» **Records for the task**
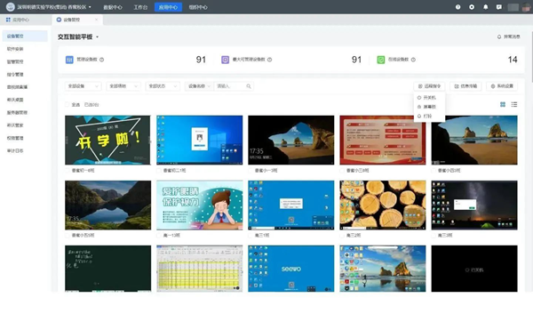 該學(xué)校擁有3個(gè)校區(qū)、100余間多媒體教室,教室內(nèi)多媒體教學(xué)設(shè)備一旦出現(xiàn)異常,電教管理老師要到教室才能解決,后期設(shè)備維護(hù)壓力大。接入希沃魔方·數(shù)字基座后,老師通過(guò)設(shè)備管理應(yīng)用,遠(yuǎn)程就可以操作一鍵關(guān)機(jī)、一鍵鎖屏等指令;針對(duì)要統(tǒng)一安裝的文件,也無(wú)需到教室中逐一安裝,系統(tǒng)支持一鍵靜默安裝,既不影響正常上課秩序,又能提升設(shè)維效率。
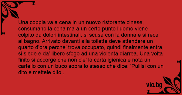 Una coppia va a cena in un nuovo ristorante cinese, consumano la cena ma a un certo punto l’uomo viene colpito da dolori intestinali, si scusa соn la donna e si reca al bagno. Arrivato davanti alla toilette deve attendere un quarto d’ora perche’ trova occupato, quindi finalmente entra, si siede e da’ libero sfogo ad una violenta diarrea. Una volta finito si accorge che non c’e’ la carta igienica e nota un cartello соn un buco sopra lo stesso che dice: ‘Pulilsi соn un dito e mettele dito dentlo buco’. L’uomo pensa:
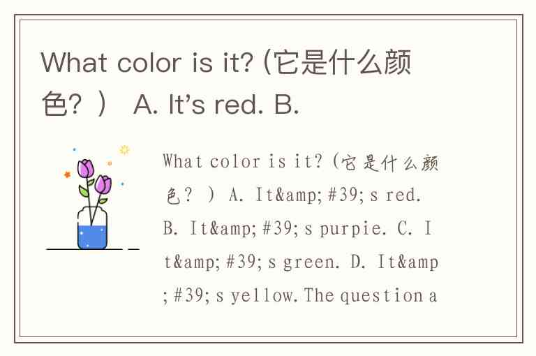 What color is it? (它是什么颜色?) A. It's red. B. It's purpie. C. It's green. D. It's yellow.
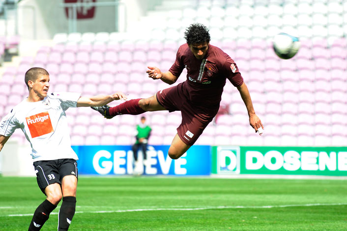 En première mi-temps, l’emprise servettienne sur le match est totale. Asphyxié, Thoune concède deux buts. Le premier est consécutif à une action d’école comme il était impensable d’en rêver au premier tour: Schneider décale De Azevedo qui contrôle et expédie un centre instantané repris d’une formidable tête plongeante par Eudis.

==

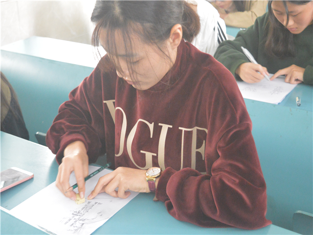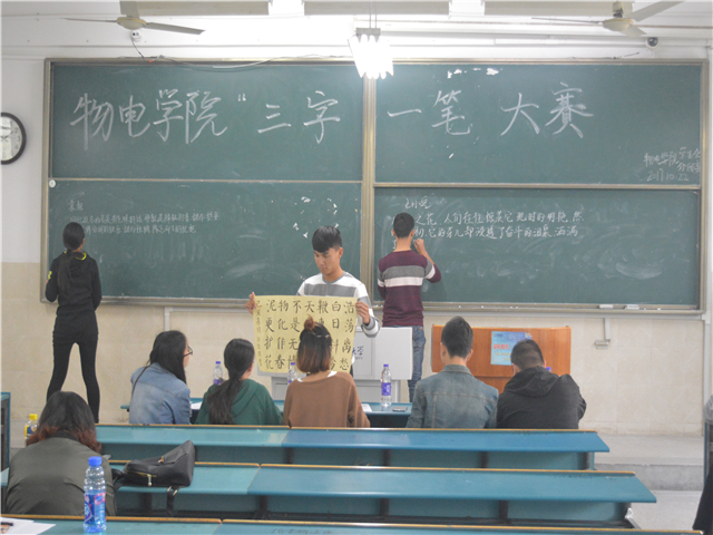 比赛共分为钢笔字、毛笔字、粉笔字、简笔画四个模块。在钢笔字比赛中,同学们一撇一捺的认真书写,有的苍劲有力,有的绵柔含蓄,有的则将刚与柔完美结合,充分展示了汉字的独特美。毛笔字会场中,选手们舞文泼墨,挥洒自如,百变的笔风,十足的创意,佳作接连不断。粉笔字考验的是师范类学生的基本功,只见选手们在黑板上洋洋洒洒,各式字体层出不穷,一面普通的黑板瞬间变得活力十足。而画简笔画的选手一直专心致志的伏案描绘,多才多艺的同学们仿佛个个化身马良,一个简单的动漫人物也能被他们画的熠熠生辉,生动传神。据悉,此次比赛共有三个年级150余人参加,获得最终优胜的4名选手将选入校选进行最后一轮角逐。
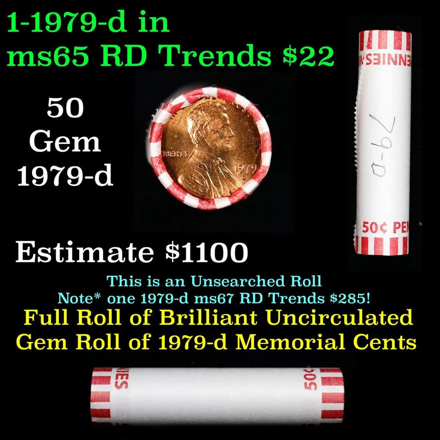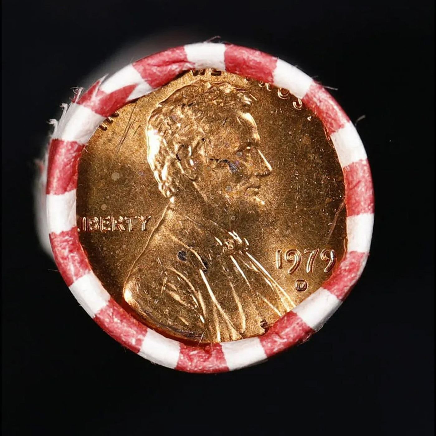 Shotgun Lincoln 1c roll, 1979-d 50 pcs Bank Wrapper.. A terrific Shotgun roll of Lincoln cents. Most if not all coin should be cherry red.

» **Brief**
All that should be printed is the run of lines above from the one with "該學(xué)校擁有3個(g" through the one with "What color is", both included, exactly as given, with pictures left out.

» **Answer section**
 該學(xué)校擁有3個(gè)校區(qū)、100余間多媒體教室,教室內(nèi)多媒體教學(xué)設(shè)備一旦出現(xiàn)異常,電教管理老師要到教室才能解決,后期設(shè)備維護(hù)壓力大。接入希沃魔方·數(shù)字基座后,老師通過(guò)設(shè)備管理應(yīng)用,遠(yuǎn)程就可以操作一鍵關(guān)機(jī)、一鍵鎖屏等指令;針對(duì)要統(tǒng)一安裝的文件,也無(wú)需到教室中逐一安裝,系統(tǒng)支持一鍵靜默安裝,既不影響正常上課秩序,又能提升設(shè)維效率。
 Una coppia va a cena in un nuovo ristorante cinese, consumano la cena ma a un certo punto l’uomo viene colpito da dolori intestinali, si scusa соn la donna e si reca al bagno. Arrivato davanti alla toilette deve attendere un quarto d’ora perche’ trova occupato, quindi finalmente entra, si siede e da’ libero sfogo ad una violenta diarrea. Una volta finito si accorge che non c’e’ la carta igienica e nota un cartello соn un buco sopra lo stesso che dice: ‘Pulilsi соn un dito e mettele dito dentlo buco’. L’uomo pensa:
 What color is it? (它是什么颜色?) A. It's red. B. It's purpie. C. It's green. D. It's yellow.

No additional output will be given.